A Receita Federal justifica a necessidade de retificação das declarações (GFIP, eSocial e DCTFWeb) com base em dois aspectos fundamentais:

  1. As informações prestadas alimentam o banco de dados do INSS para fins de concessão de benefícios, sendo essencial manter o princípio do “equilíbrio financeiro e atuarial” previsto no artigo 201 da Constituição Federal;
  2. A retificação evita que haja benefício concedido sobre uma base sem o respectivo custeio, respeitando o princípio da contrapartida (art. 195, §5º da CF).

A obrigação de retificar as declarações é considerada contemporânea ao exercício do direito creditório, não sendo afetada por prescrição ou decadência quanto à exigência desses deveres instrumentais.

Passo a Passo para a Compensação

Com base na compensação de créditos previdenciários por decisão judicial detalhada na Solução de Consulta, podemos estabelecer o seguinte procedimento:

  1. Retificar as declarações (GFIP, eSocial e DCTFWeb) correspondentes aos períodos de origem dos créditos;
  2. Solicitar a habilitação do crédito junto à DRF ou Delegacia Especializada da RFB com jurisdição sobre seu domicílio tributário, apresentando a documentação exigida no art. 102, §1º da IN RFB nº 2.055/2021;
  3. Após a habilitação (que deve ser analisada em até 30 dias), apresentar a Declaração de Compensação via PER/DCOMP ou formulário específico;
  4. Caso o contribuinte não utilize o eSocial, informar a compensação em GFIP correspondente ao mês de sua efetivação.
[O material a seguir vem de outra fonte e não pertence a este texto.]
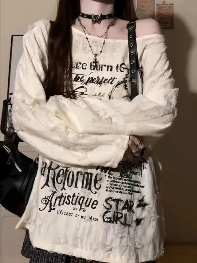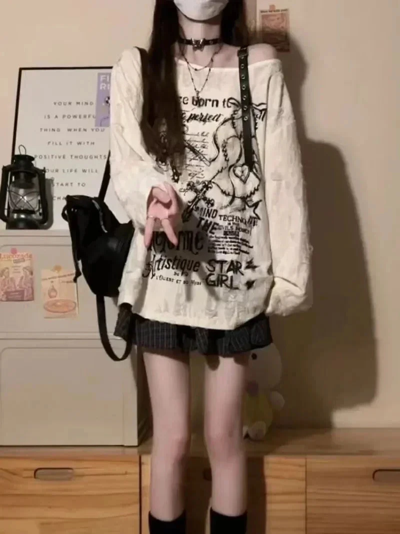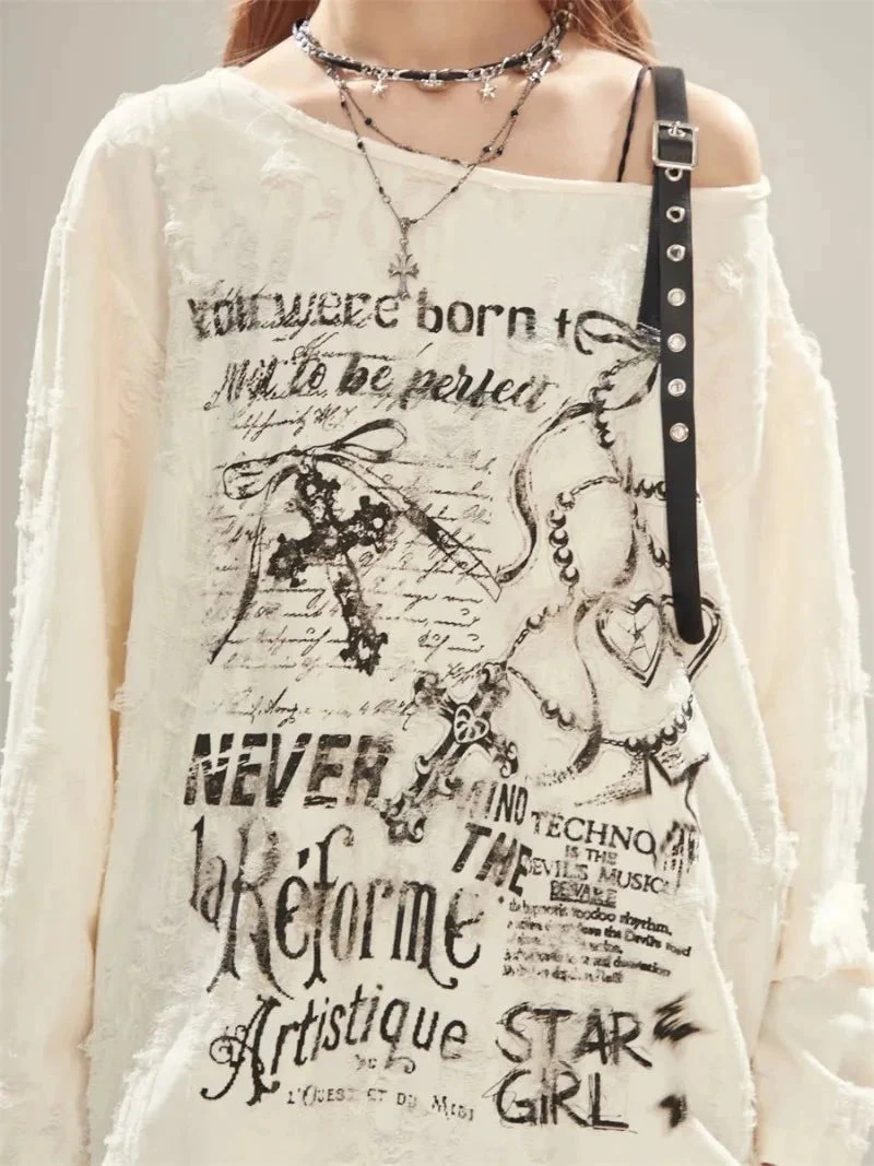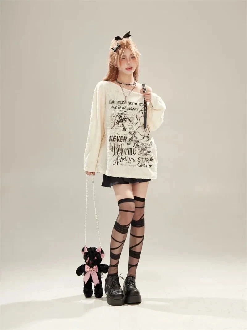 Born to stand out, never to blend in. This Off-Shoulder Graphic long-sleeve is your new weekend top, slouchy, statement-making, and oozing chaotic soft-girl energy.
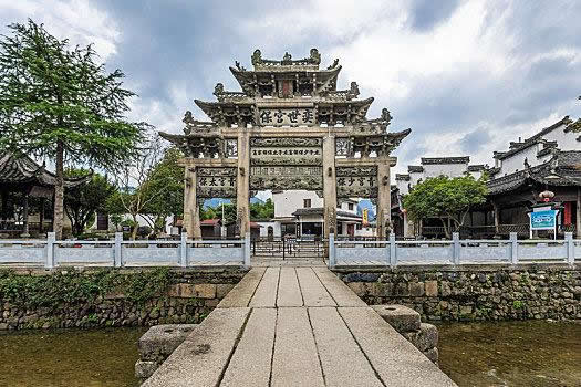 中國龍川,山水秀美,地靈人杰。東聳龍須山,西峙石笏山,天馬山南旋,登源河北來,龍川溪繞村東流,匯入登源河,形成村落水口;村如船形,有如龍舟出海,堪稱風(fēng)水寶地。景區(qū)內(nèi)水街兩岸,古民居鱗次櫛比,村巷幽幽,粉墻黛瓦,馬頭昂昂,一派徽州古村落意蘊。國家級重點文物單位胡氏宗祠、奕世尚書坊和徽商胡炳衡宅,更是徽派三雕精品中的精品。胡氏宗祠享譽“木雕藝術(shù)殿堂”、“江南第一古祠”,其內(nèi)保存的木雕“四和圖”(和諧、和順、和美、和鳴)成為和諧社會的象征;奕世尚書坊是盛明時期的石牌坊,成為徽派石雕的典型代表;徽商胡炳衡宅(未開放)則原汁原味地保存了徽州古民居舊貌,忠實記錄了一代茶商的歷史。
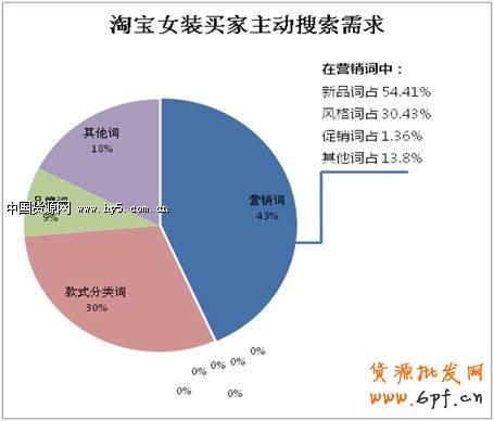 從整體淘寶女裝買家消費能力上看,100~200元的價格段為買家最容易促進成交的價格段,其次是50~100元。這個價格是一個粗的價格區間,從這個區間上大家可以知道,50~200元覆蓋的買家最多,被接受的程度也是最大的。不過,這只是一個區間段,并不是定價,可以作為定價的一個參考因素。當然,商品的定價具體是要和每個店鋪的定位、所售賣的類目以及銷售季節相結合起來的。另外,從淘寶女裝買家主動搜索的需求中體現,被關注最高是營銷詞(廣義上的營銷詞,就是廣告詞。引用到女裝上,第一種是買家自我需求的形容詞,還有一種是運營的推薦詞,這種一般是目前在流行上有一定共性的詞匯,如嗆口小辣椒、坑爹之類)、款式分類詞、品牌詞。女裝營銷詞中又以新品需求最為迫切,風格需求其次。
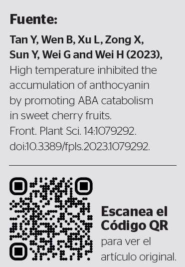 En el estudio, las altas temperaturas inhibieron severamente el incremento de los niveles de ABA en la piel de las cerezas. El ácido abscísico, un regulador positivo clave en la maduración y coloración de frutas no-climatéricas, al parecer juega un rol crucial en el proceso de coloración de la fruta.
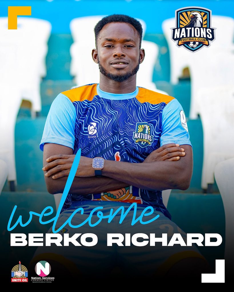 Ghana Premier League side, Nations Football Club has officially confirmed the signing of former Karela United forward Richard Berko.
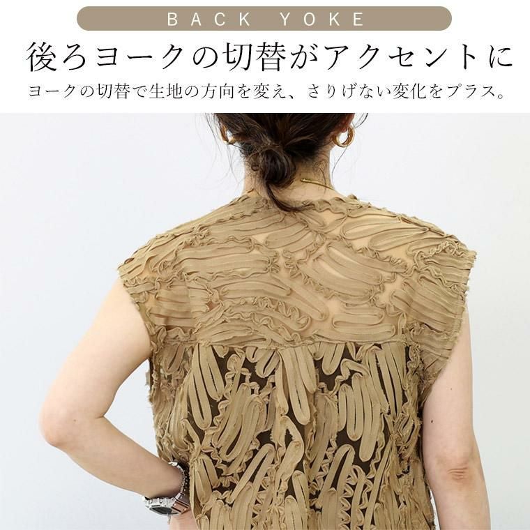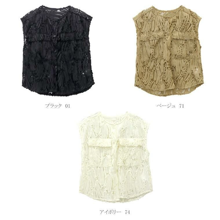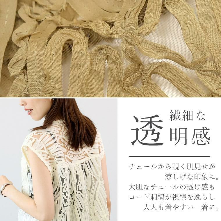 ベスト ブラウス トップス チュール 刺繍 コード刺繍 シアー 透け感 ノースリーブ スリーブレス フレンチスリーブ フレンチ 華奢 着痩せ 着やすい クルーネック 前ボタン 羽織り スキッパー ポケット デコルテ シンプル キレイ見え きれいめ キレイめ 綺麗め 上品 楽ちん イージー イージー素材 ルーズ ゆったり くるーねっく ゆるめ リラックス おしゃれ お洒落 体型カモフラージュ 大人め ブラック クロ 黒 黒色 ベージュ アイボリー 白 ホワイト オフホワイト カラバリ豊富 大きめ 大きい ワンマイルウエア ワンマイルウェア レディースファッション 無地 ラクチン らくちん 楽ちん 動きやすい プラスサイズ 着痩せ 華奢見え 脚長 脚長効果 ゆったりサイズ ゆる すっきり カバー 体型カバー きちんと シンプル カジュアル ナチュラル ベーシック オフィス オフィスカジュアル テレワーク 会議 食事会 ランチ 女友達 参観日 二次会 飲み会 上品 知的 女性らしい 女らしい 着映え オンライン飲み会 着回し 大人 大人カジュアル オトナ 女性 綺麗 きれい キレイ キレイめ 高見え 上質 大きいサイズ 細見え 女性服 アースカラー フリーサイズ 楽 ノンストレス 動きやすい ゆったり 高級感 母の日 プレゼント ギフト 贈り物 S M L LL 2L XL 20代 30代 40代 50代 おしゃれ パ―ト バイト 仕事 仕事用 ユニフォーム 春夏 春 夏 秋冬 秋 冬 お洒落 オシャレ かわいい 可愛い カワイイ かっこいい カッコいい FUNNY COMPANY ファニーカンパニー ふぁにーかんぱにー ファニカン

É importante observar que a compensação só pode ser realizada após o trânsito em julgado da decisão judicial, nos termos do artigo 170-A do Código Tributário Nacional.

Documentação Necessária para Habilitação do Crédito

Para a habilitação prévia do crédito judicial, o contribuinte deve apresentar:

  • Formulário “Pedido de Habilitação de Crédito Decorrente de Decisão Judicial Transitada em Julgado” (Anexo V da IN RFB nº 2.055/2021);
  • Certidão de inteiro teor do processo, expedida pela Justiça Federal;
  • Cópia da decisão que homologou a desistência da execução do título judicial ou da declaração pessoal de inexecução;
  • Documentos societários (contrato social, estatuto, etc.);
  • Documentos de representação legal, quando aplicável.
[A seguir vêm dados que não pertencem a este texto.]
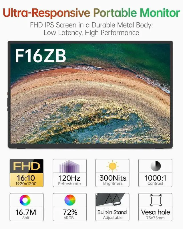 Intehill 16" 120Hz Portable Gaming Monitor, Anti-Glare Portable Monitor with Full-covered Tempered Glass, USB-C HDMI External Display w/Speakers & Stand, Travel Monitor Second Screen for Laptop, F16ZB
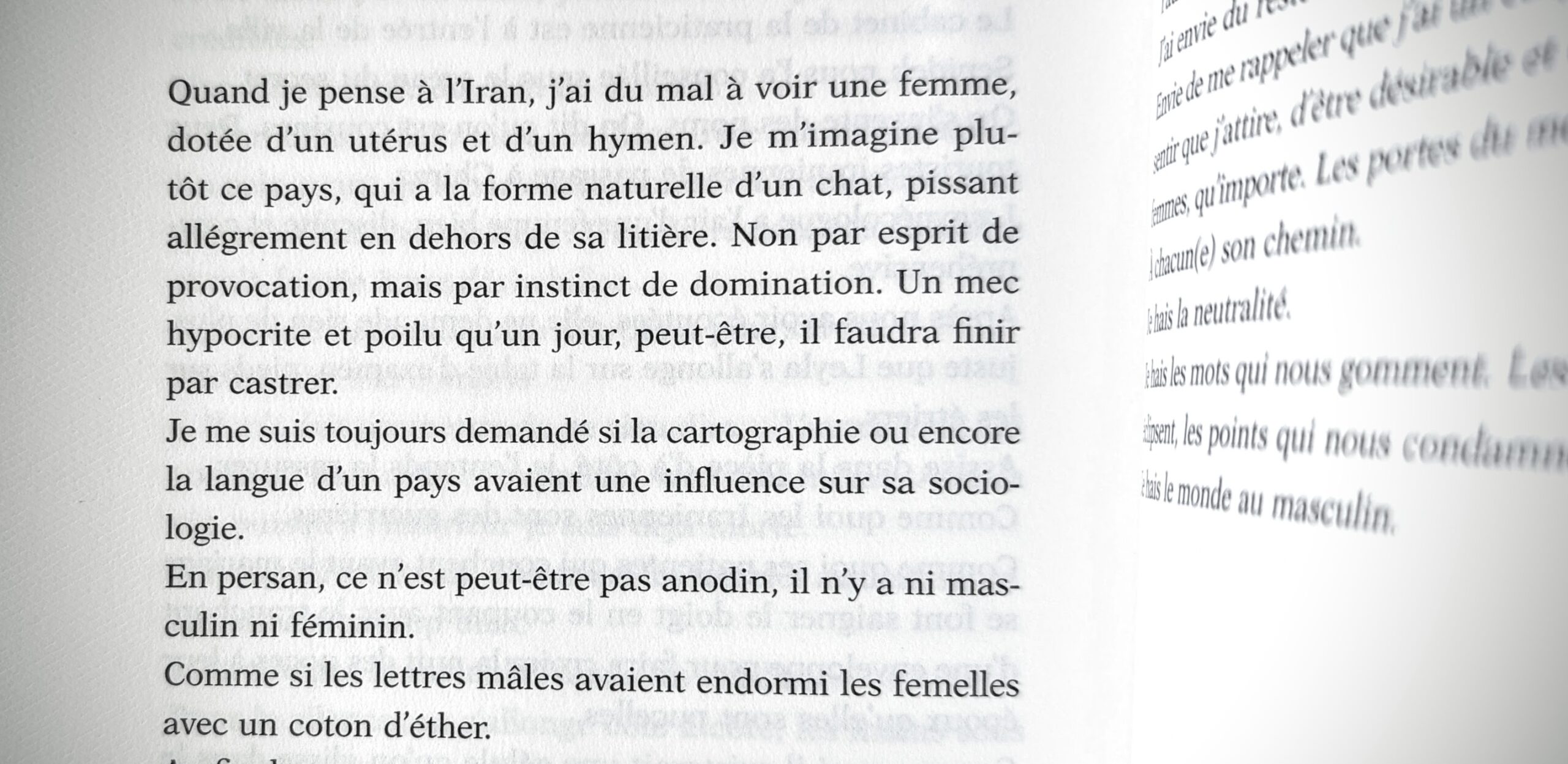 Quand je pense à l'Iran, j'ai du mal à voir une femme, dotée d'un utérus et d'un hymen. Je m'imagine plutôt ce pays, qui a la forme naturelle d'un chat, pissant allègrement en dehors de sa litière. Non par esprit de provocation, mais par instinct de domination. Un mec hypocrite et poilu qu'un jour, peut-être, il faudra finir par castrer.
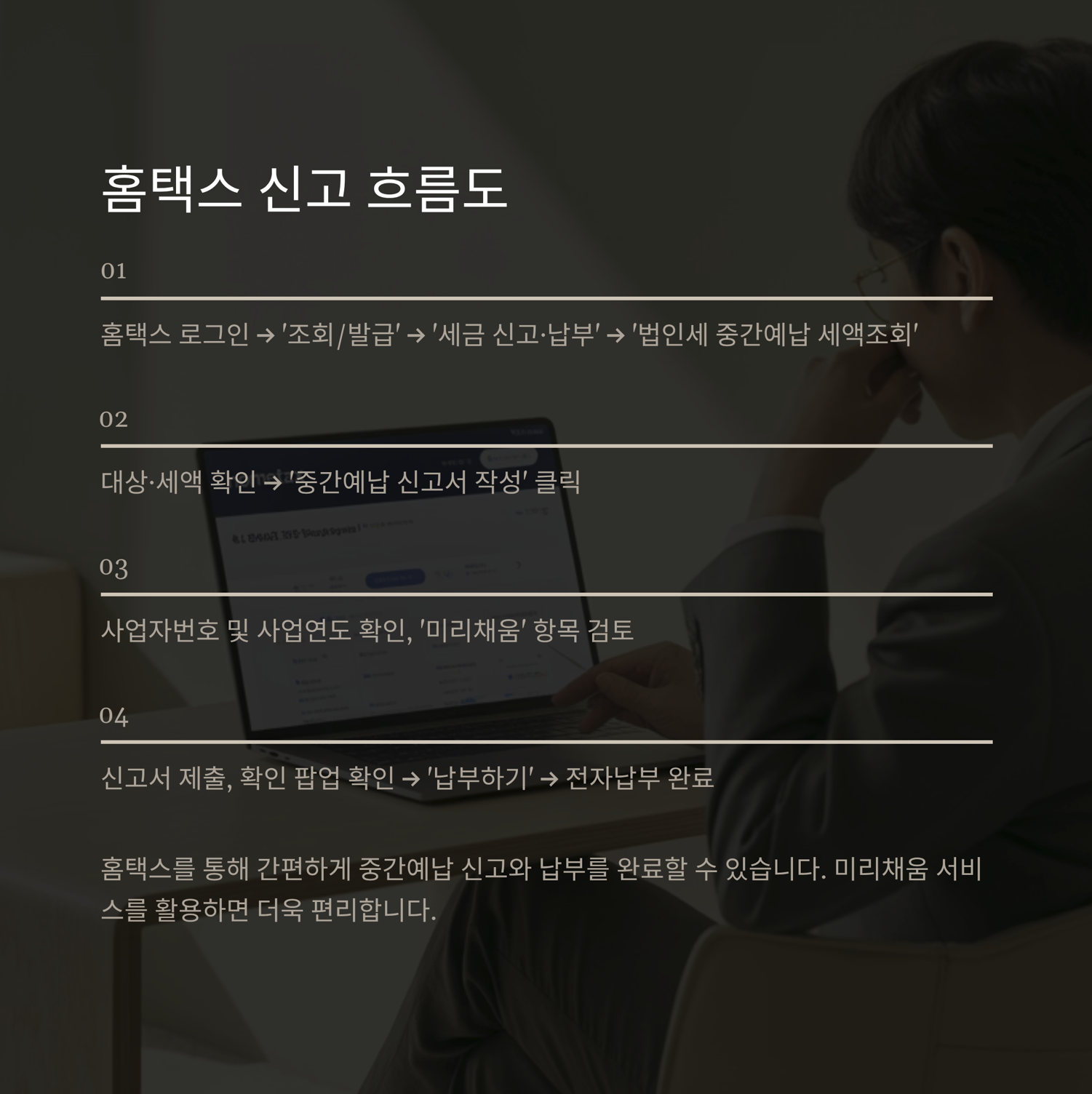 A: 홈택스 '중간예납 세액조회' 메뉴에서 자동 확인됩니다.

Se houver irregularidades ou insuficiência de informações, o contribuinte terá 30 dias para regularização, contados da ciência da intimação.

A compensação de créditos previdenciários por decisão judicial representa um procedimento técnico que exige atenção aos detalhes normativos, especialmente quanto às obrigações acessórias e ao processo de habilitação do crédito.
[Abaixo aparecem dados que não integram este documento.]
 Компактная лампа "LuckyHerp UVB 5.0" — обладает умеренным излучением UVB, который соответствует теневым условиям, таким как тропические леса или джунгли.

Para empresas com processos dessa natureza, é fundamental compreender que o direito ao crédito reconhecido judicialmente não é suficiente para sua utilização administrativa – é necessário seguir rigorosamente os procedimentos estabelecidos pela Receita Federal para evitar glosas e questionamentos futuros.

A Solução de Consulta analisada (Solução de Consulta Cosit nº 34/2024) traz importante segurança jurídica aos contribuintes ao esclarecer os procedimentos aplicáveis aos diferentes cenários de compensação de créditos previdenciários por decisão judicial, tanto no período anterior quanto posterior à implementação do eSocial.